_Problem_
For the data below, retype word for word the lines from the one containing "Panna Red Pashmina" through the one containing "1964 - Fronting"; drop the pictures.

[Source records]
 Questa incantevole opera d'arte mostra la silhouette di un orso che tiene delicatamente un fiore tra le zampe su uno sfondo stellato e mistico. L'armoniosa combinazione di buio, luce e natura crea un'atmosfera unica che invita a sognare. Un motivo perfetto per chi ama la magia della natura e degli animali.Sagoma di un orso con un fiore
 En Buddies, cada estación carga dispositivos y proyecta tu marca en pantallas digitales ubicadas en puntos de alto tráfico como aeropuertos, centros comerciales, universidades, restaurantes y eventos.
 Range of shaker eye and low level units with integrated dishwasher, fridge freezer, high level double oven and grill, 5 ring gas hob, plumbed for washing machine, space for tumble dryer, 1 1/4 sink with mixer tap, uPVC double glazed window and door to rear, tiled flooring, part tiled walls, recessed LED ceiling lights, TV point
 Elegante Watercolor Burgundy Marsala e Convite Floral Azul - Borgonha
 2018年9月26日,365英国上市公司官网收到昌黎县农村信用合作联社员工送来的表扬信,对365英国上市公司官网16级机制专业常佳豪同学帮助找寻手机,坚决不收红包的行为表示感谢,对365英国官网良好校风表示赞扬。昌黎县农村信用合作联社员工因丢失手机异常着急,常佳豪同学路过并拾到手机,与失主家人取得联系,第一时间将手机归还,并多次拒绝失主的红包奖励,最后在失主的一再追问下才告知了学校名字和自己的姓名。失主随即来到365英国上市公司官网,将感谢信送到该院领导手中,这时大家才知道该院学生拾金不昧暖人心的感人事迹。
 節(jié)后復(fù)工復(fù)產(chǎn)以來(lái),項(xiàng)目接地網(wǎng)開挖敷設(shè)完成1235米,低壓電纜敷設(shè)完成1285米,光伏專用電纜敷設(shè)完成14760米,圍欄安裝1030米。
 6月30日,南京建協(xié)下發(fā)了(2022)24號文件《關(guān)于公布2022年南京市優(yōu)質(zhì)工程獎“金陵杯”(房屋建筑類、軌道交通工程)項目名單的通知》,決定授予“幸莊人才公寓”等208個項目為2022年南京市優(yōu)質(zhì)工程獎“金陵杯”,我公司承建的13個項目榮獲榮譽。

---

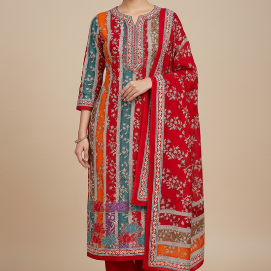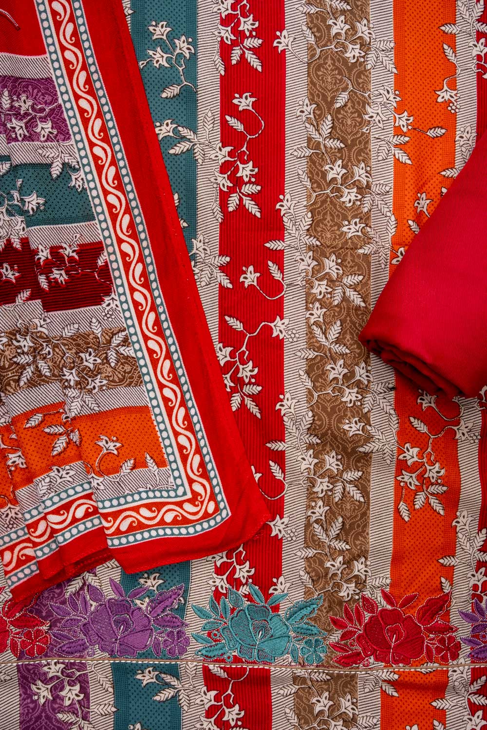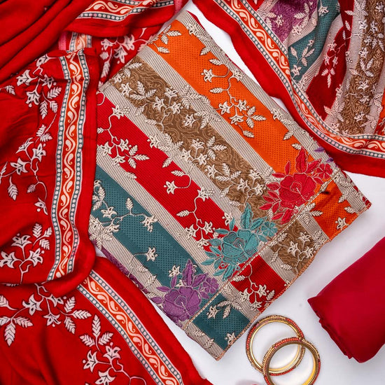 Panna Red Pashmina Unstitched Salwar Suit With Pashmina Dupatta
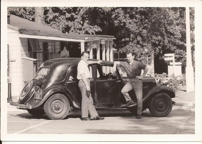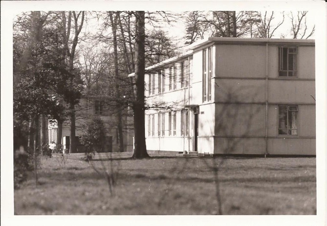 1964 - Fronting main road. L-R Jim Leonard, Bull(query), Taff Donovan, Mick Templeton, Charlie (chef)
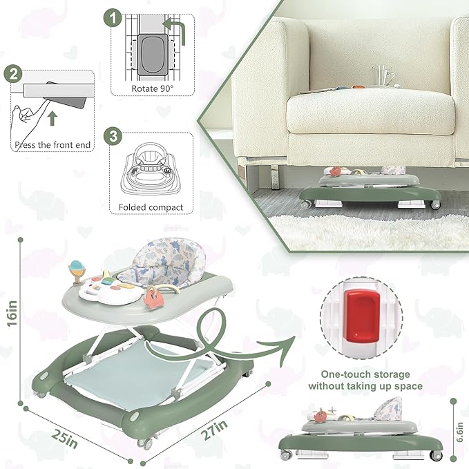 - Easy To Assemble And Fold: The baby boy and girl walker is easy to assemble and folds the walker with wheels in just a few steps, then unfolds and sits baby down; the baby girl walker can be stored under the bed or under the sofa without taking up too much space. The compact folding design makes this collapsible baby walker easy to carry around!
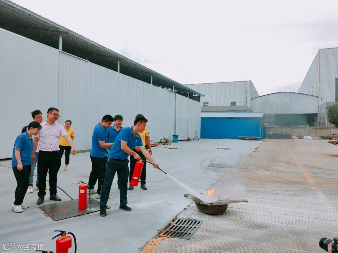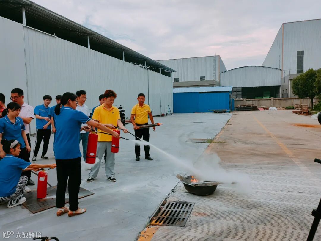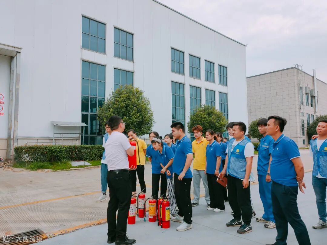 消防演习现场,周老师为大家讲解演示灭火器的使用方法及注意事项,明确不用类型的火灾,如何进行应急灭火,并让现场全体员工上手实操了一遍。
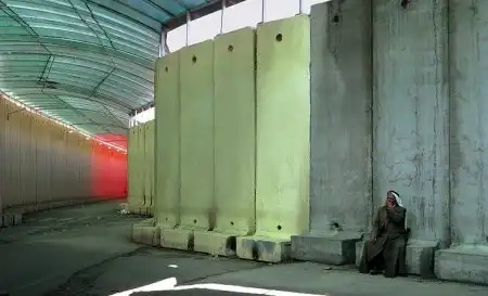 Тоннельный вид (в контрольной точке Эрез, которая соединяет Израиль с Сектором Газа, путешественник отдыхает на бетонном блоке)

_Completed task_
 Panna Red Pashmina Unstitched Salwar Suit With Pashmina Dupatta
 1964 - Fronting main road. L-R Jim Leonard, Bull(query), Taff Donovan, Mick Templeton, Charlie (chef)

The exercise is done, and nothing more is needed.